Мы прошли за нашей хозяйкой через всю конюшню, петляя вокруг прогрессистов, склонившихся над своими столами, мимо кучи разных чертежей. Тут путь нам преградили двухсотлитровые баки, наполненные странной белой пузырящейся жидкостью, и Цирцея предупредила, чтобы мы обходили их аккуратно.

Мы оказались у подножия гигантского скелета, рядом с ним мы были словно муравьишки, залезшие в тарелку великана. И, только стоя в тени этого голиафа, я вдруг с ужасом понял, что даже если бы я каким-то образом смог перенестись во времени в юрский период, то меня бы в ту же секунду или съели бы, или раздавили бы, что и мокрого места не осталось бы. С острыми когтями и хитростью далеко не уйдешь, если на другой чаше весов двадцать тонн чистого веса.

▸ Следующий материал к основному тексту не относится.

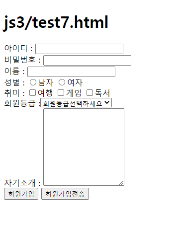 자기소개 : <textarea name="intro" rows="10" cols="20"></textarea><br>

Я не мог узнать, чей же это скелет, но полагаю, это скорее связано с той точкой, откуда мне открывался обзор, — я смотрел прямо в ноздри чудовища, — а не с тем, что я плохо разбираюсь в скелетах предков. Тем не менее я рискнул высказать догадку:

— Бронтозавр? Триасовый период?

— Нет и еще раз нет, хотя ты герой, раз попытался угадать. Но больше этого делать не стоит, все равно ошибешься.

— Почему это?

— Поскольку перед нами ни один из тех видов, что погибли во время падения метеоритов, ни из тех, кому удалось выжить. Это совершенно новый вид динозавра, Винсент, и я горжусь тем, что сама его спроектировала.

— Спроектировала? — переспросил Эрни, сделав шаг вперед и вмешавшись в наш разговор.

Цирцея уселась рядом с пальцами Фрэнка, по метру в длину каждый, и нежно поглаживала их, пока говорила:

— Последнее время мы то и дело слышим, как палеонтологи жалуются на отсутствие новых находок, ворчат, что гранты разбазариваются впустую. Поэтому мы уже какое-то время готовим для них наше детище — Фрэнка. При создании проекта у нас было небольшое преимущество. Но когда дело дошло до собственно сооружения, то мы все выполняли, как прописано в контракте. А не то, что мы взяли и начали проект…

— Погоди-ка секунду, — я уловил смысл ее слов. — Я понял. Вы производите останки. Ну, некоторые из тех фальшивых останков, которые потом закапывают где-нибудь в пустыне.

— Некоторые? — фыркнула Цирцея. — Да мы, к твоему сведению, произвели семьдесят пять процентов всех останков, которые обнаружены на западном побережье. По качеству изготовления нам нет равных.

Эрни легонько постучал динозавра по голени. Звук отразился эхом.

— Так что же получается, Фрэнк… ну, эта штуковина… он поддельный?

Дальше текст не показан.